Collected material
• • • • • • •
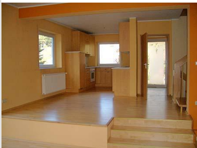
offene Küche (Haus A)
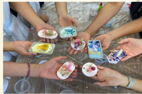
「療癒身心靈手作坊」
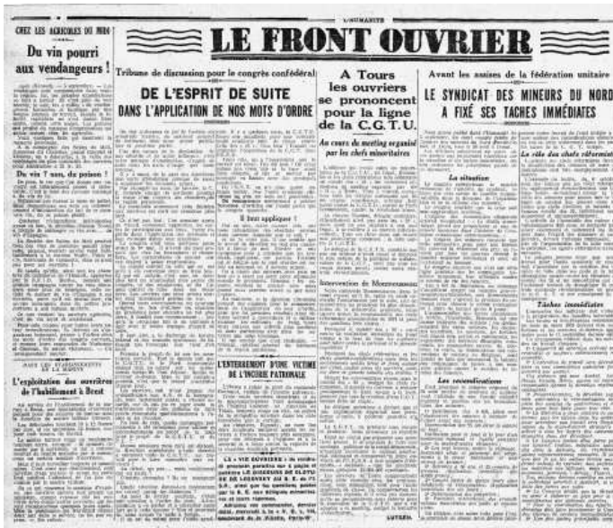
« Du vin pourri aux vendangeurs ! », L'Humanité , 7 septembre 1931.
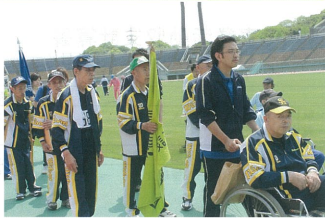
第49回福岡県身体障害者体育大会H23.5.8
• • • • • • •
Your instructions
Wording must stay exact. Give again the lines from the line with "7 septembre 1931." through the last line of the listing, both ends included, without pictures.

Task response
« Du vin pourri aux vendangeurs ! », L'Humanité , 7 septembre 1931.
第49回福岡県身体障害者体育大会H23.5.8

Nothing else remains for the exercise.